*** Block opens ***

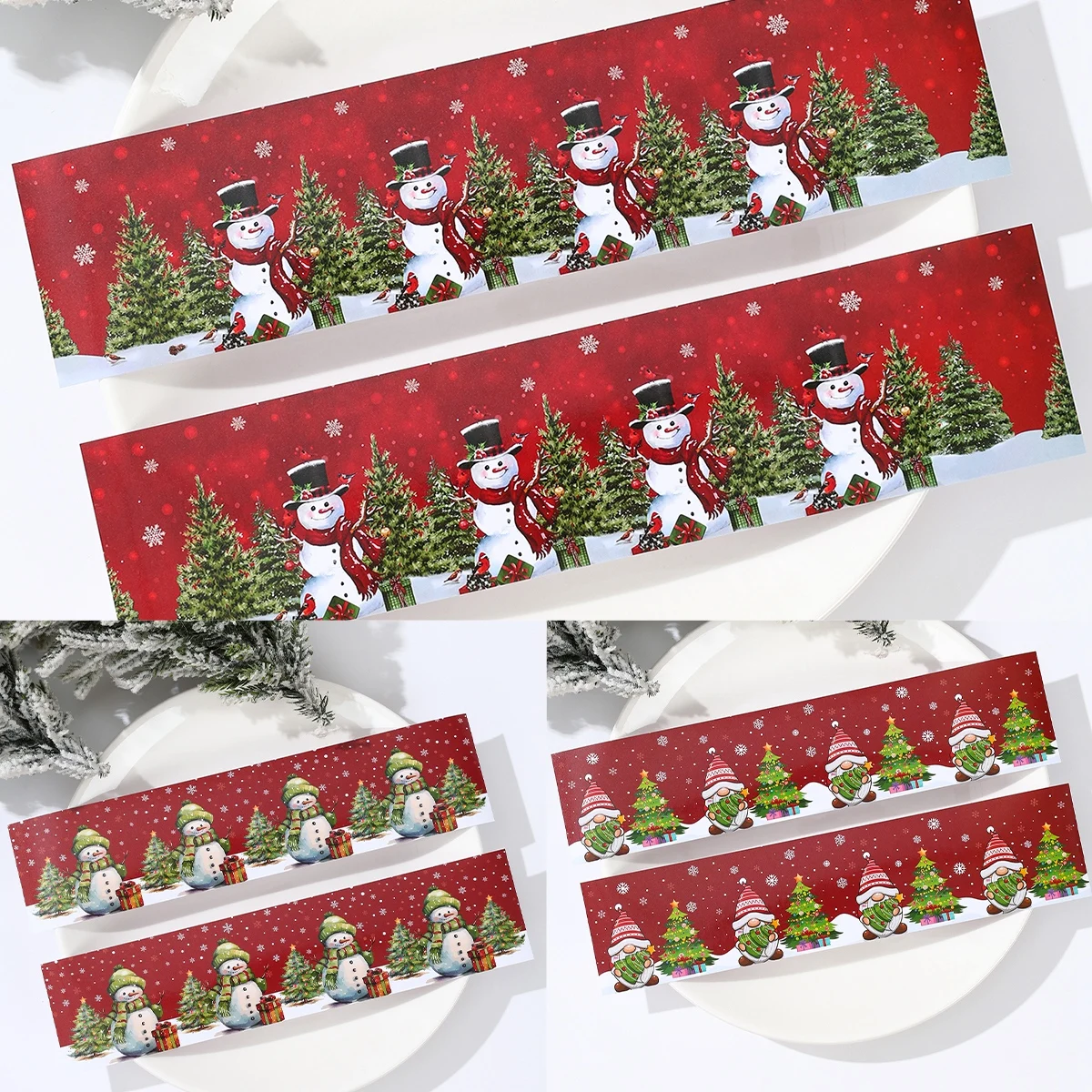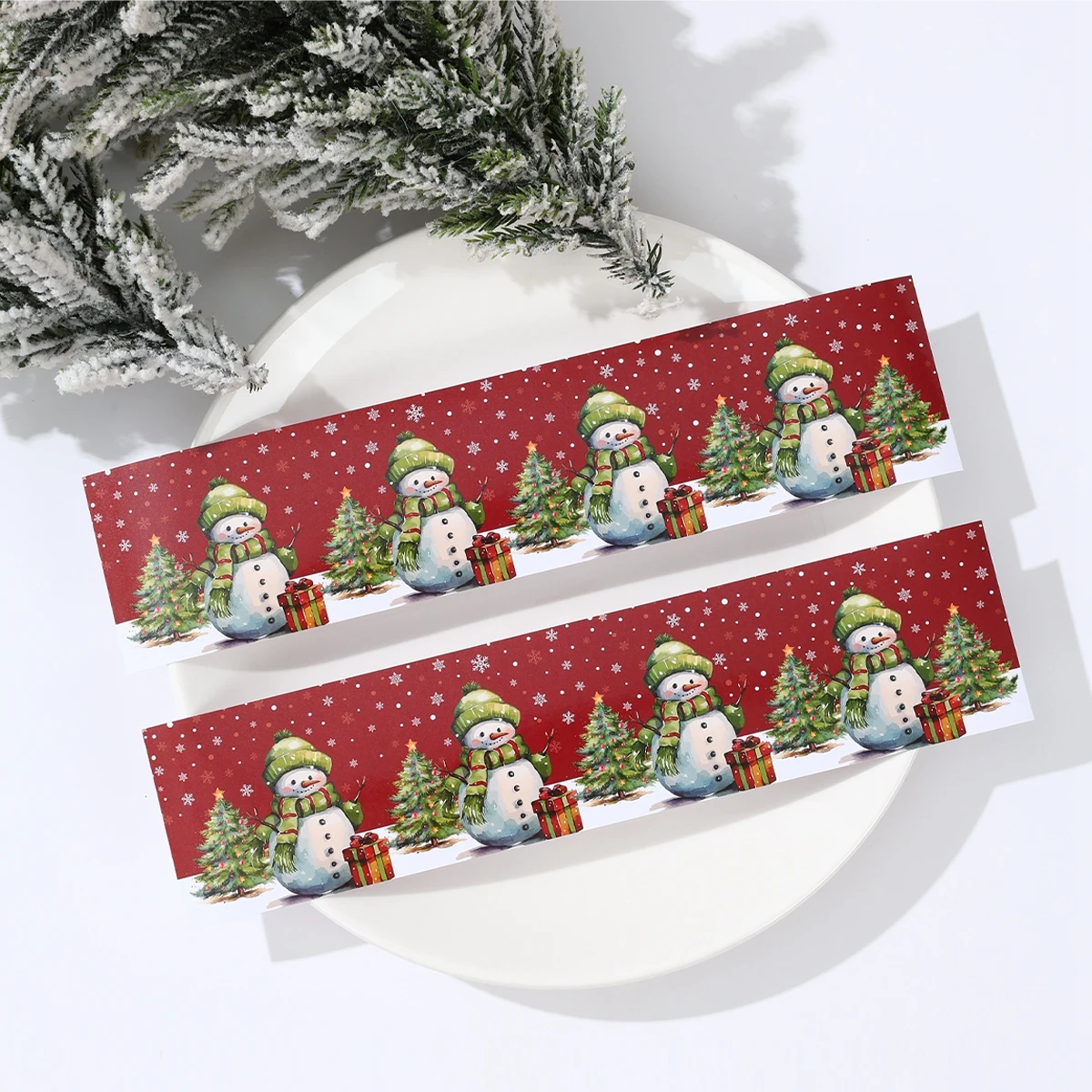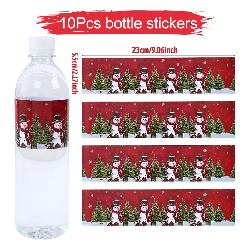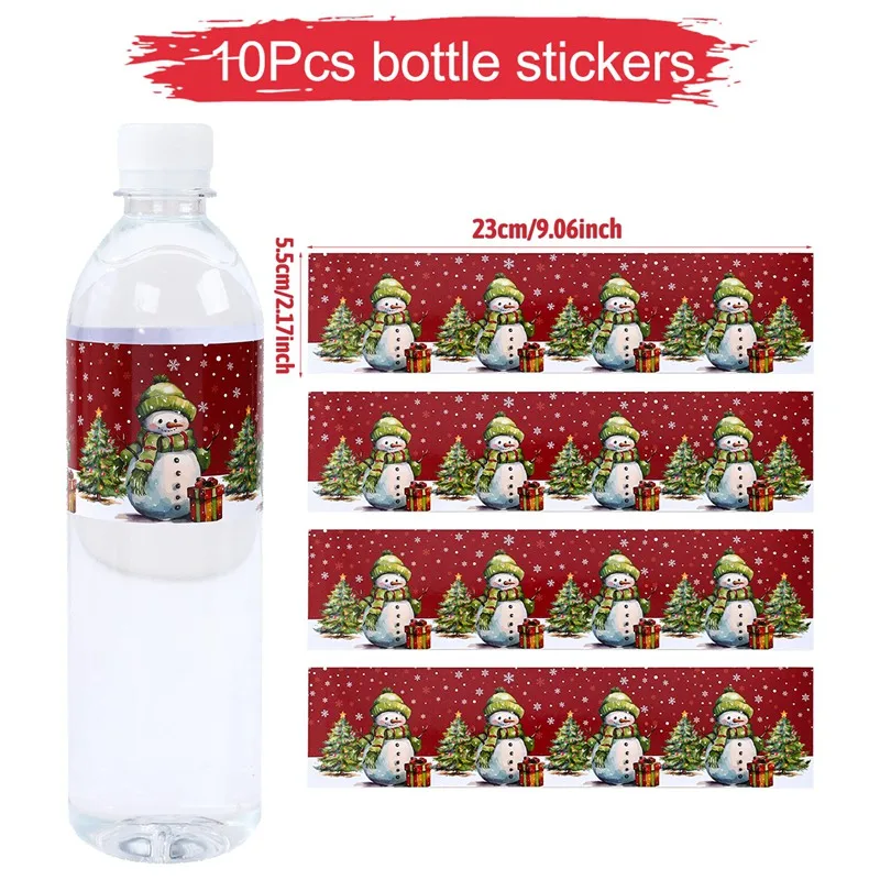 Transform your holiday bottles into charming festive decorations with this cheerful Christmas-themed sticker. Featuring a joyful Santa Claus scene, the vibrant design includes bright red backgrounds covered with delicate white snowflakes, creating a cozy winter atmosphere. The central illustration highlights a playful snowman dressed in a green knit hat with a fuzzy pom-pom and a matching scarf, surrounded by decorated pine trees with colorful ornaments and adorable presents underneath. All elements evoke the warmth and joy of Christmas, making your bottles perfect for holiday gatherings, gift exchanges, and home decorations. The stickers are easy to apply, durable, and designed to add a personal touch to your festive celebrations in 2024 and 2025.
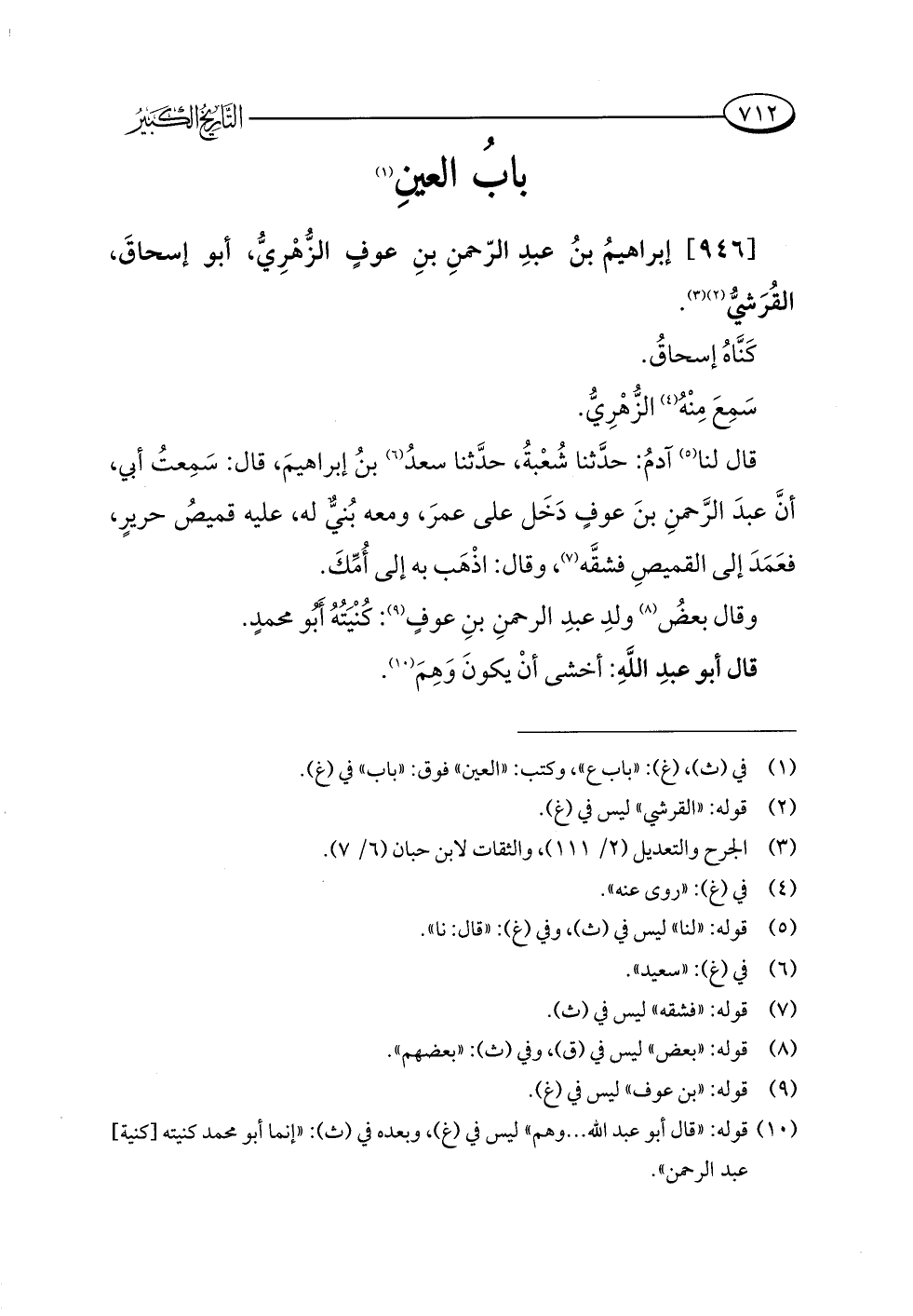 (¬١٠) قوله: "قال أبو عبد اللَّه. . . وهم" ليس في (غ)، وبعده في (ث): "إنما أبو محمد كنيته [كنية] عبد الرحمن".
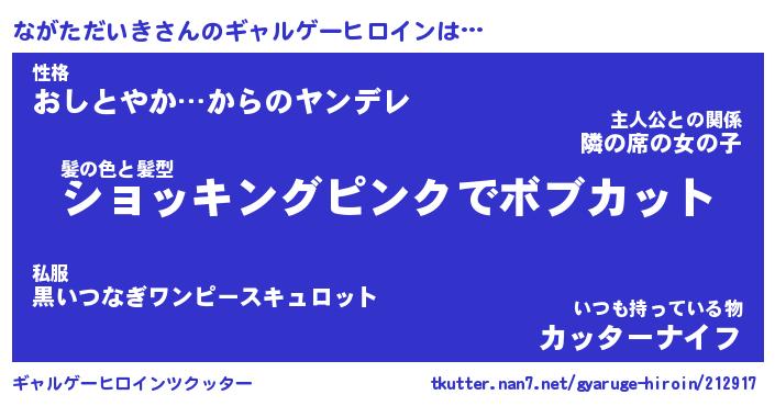 | 男性向けラノベタイトル風あだ名 | 『ながただいきの憂鬱』 |
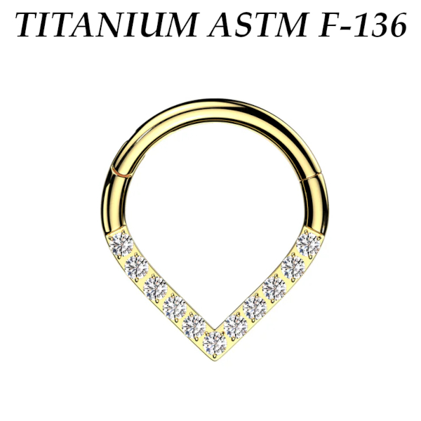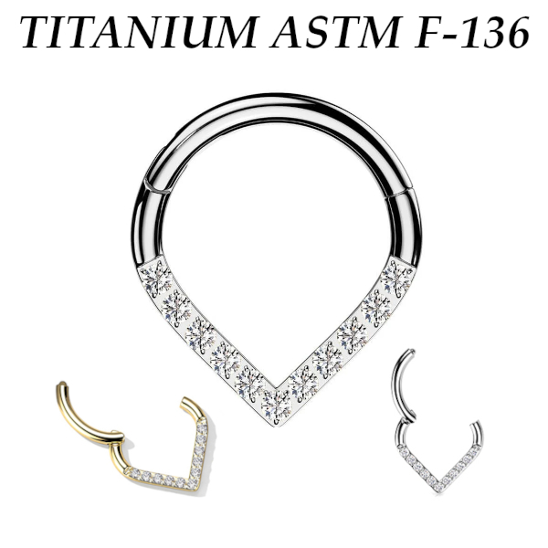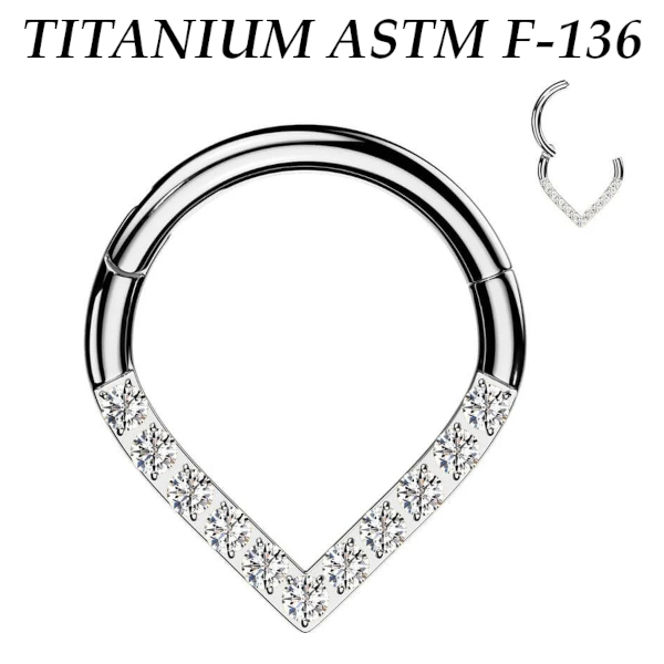 V-образный кликер из имплантационного титана 6Al-4V-Eli ASTM: F-136. Украшен сетом прозрачных фианитов.
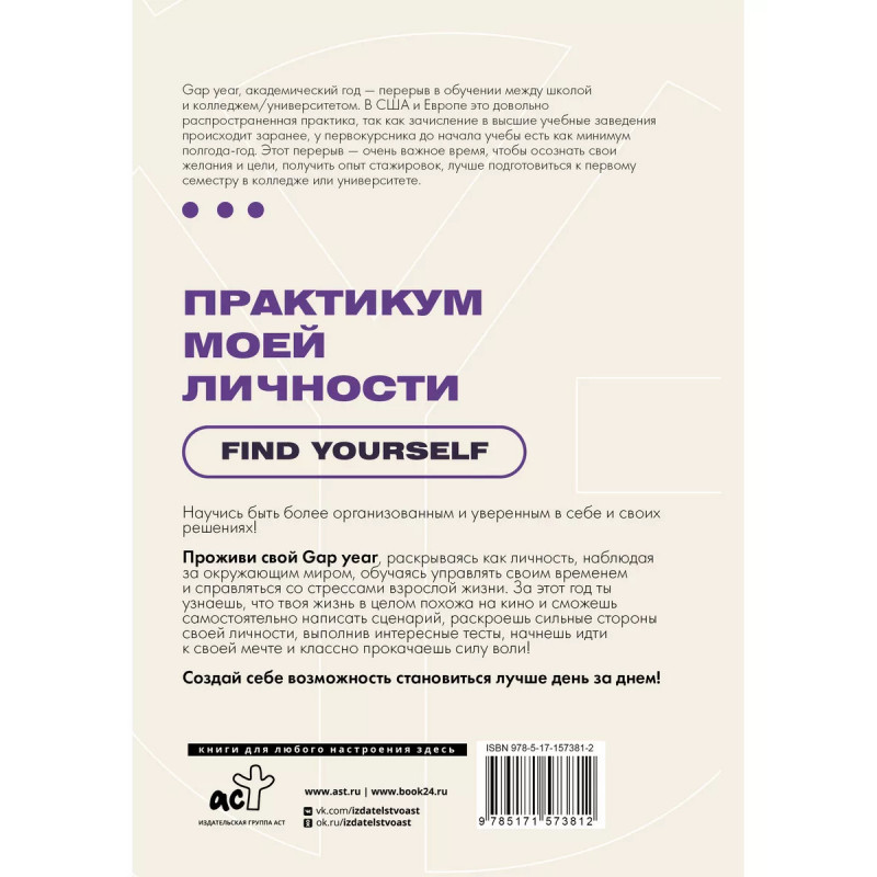 Практикум моей личности. Find yourself. Gap year, академический год - перерыв в обучении между школой и колледжем, университетом. В США и Европе это довольно распространенная практика, так как зачисление в высшие учебные заведения происходит заранее, у первокурсника до начала учебы есть как минимум полгода-год. Этот перерыв - очень важное время, чтобы осознать свои желания и цели, получить опыт стажировок, лучше подготовиться к первому семестру в колледже или университете. Научись быть более организованным и уверенным в себе и своих решениях! Проживи свой Gap year, раскрываясь как личность, наблюдая за окружающим миром, обучаясь управлять своим временем и справляться со стрессами взрослой жизни. За этот год ты узнаешь, что твоя жизнь в целом похожа на кино и сможешь самостоятельно написать сценарий, раскроешь сильные стороны своей личности, выполнив интересные тесты, начнешь идти к своей мечте и классно прокачаешь силу воли! Создай себе возможность становиться лучше день за днем!
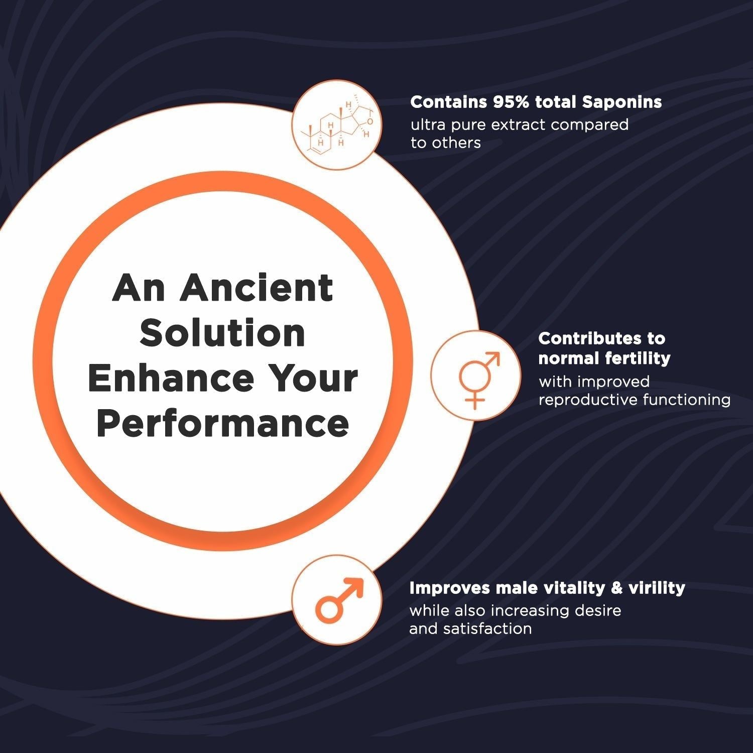 شلاجيت، مادة غنية بالمعادن مستخرجة من جبال الهيمالايا، غنية بحمض الفولفيك وأكثر من 80 معدنًا أساسيًا، تعزز الطاقة ووظيفة المناعة والصفاء الذهني. إلى جانب التريبولوس، نبات معروف بقدرته على دعم مستويات هرمون التستوستيرون وتحسين الأداء الرياضي، يعمل هذا المكمل الغذائي بشكل تآزري لتعزيز الحيوية الجسدية والعقلية.
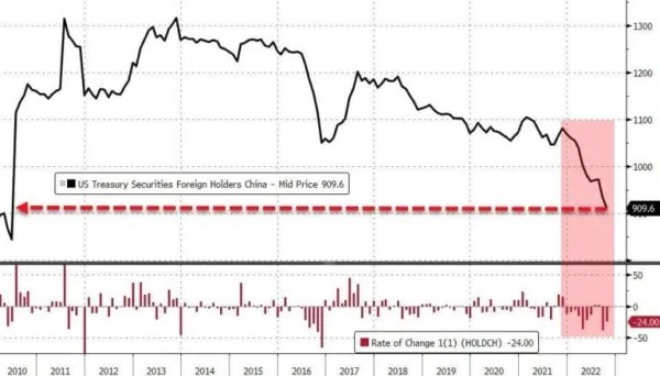 Acest lucru se întâmplă în timp ce China, Japonia și alte țări descarcă Trezoreria SUA la prețuri record.

*** Block closes ***

Type the entries again verbatim. Any pictures should be skipped.

 Transform your holiday bottles into charming festive decorations with this cheerful Christmas-themed sticker. Featuring a joyful Santa Claus scene, the vibrant design includes bright red backgrounds covered with delicate white snowflakes, creating a cozy winter atmosphere. The central illustration highlights a playful snowman dressed in a green knit hat with a fuzzy pom-pom and a matching scarf, surrounded by decorated pine trees with colorful ornaments and adorable presents underneath. All elements evoke the warmth and joy of Christmas, making your bottles perfect for holiday gatherings, gift exchanges, and home decorations. The stickers are easy to apply, durable, and designed to add a personal touch to your festive celebrations in 2024 and 2025.
 (¬١٠) قوله: "قال أبو عبد اللَّه. . . وهم" ليس في (غ)، وبعده في (ث): "إنما أبو محمد كنيته [كنية] عبد الرحمن".
 | 男性向けラノベタイトル風あだ名 | 『ながただいきの憂鬱』 |
 V-образный кликер из имплантационного титана 6Al-4V-Eli ASTM: F-136. Украшен сетом прозрачных фианитов.
 Практикум моей личности. Find yourself. Gap year, академический год - перерыв в обучении между школой и колледжем, университетом. В США и Европе это довольно распространенная практика, так как зачисление в высшие учебные заведения происходит заранее, у первокурсника до начала учебы есть как минимум полгода-год. Этот перерыв - очень важное время, чтобы осознать свои желания и цели, получить опыт стажировок, лучше подготовиться к первому семестру в колледже или университете. Научись быть более организованным и уверенным в себе и своих решениях! Проживи свой Gap year, раскрываясь как личность, наблюдая за окружающим миром, обучаясь управлять своим временем и справляться со стрессами взрослой жизни. За этот год ты узнаешь, что твоя жизнь в целом похожа на кино и сможешь самостоятельно написать сценарий, раскроешь сильные стороны своей личности, выполнив интересные тесты, начнешь идти к своей мечте и классно прокачаешь силу воли! Создай себе возможность становиться лучше день за днем!
 شلاجيت، مادة غنية بالمعادن مستخرجة من جبال الهيمالايا، غنية بحمض الفولفيك وأكثر من 80 معدنًا أساسيًا، تعزز الطاقة ووظيفة المناعة والصفاء الذهني. إلى جانب التريبولوس، نبات معروف بقدرته على دعم مستويات هرمون التستوستيرون وتحسين الأداء الرياضي، يعمل هذا المكمل الغذائي بشكل تآزري لتعزيز الحيوية الجسدية والعقلية.
 Acest lucru se întâmplă în timp ce China, Japonia și alte țări descarcă Trezoreria SUA la prețuri record.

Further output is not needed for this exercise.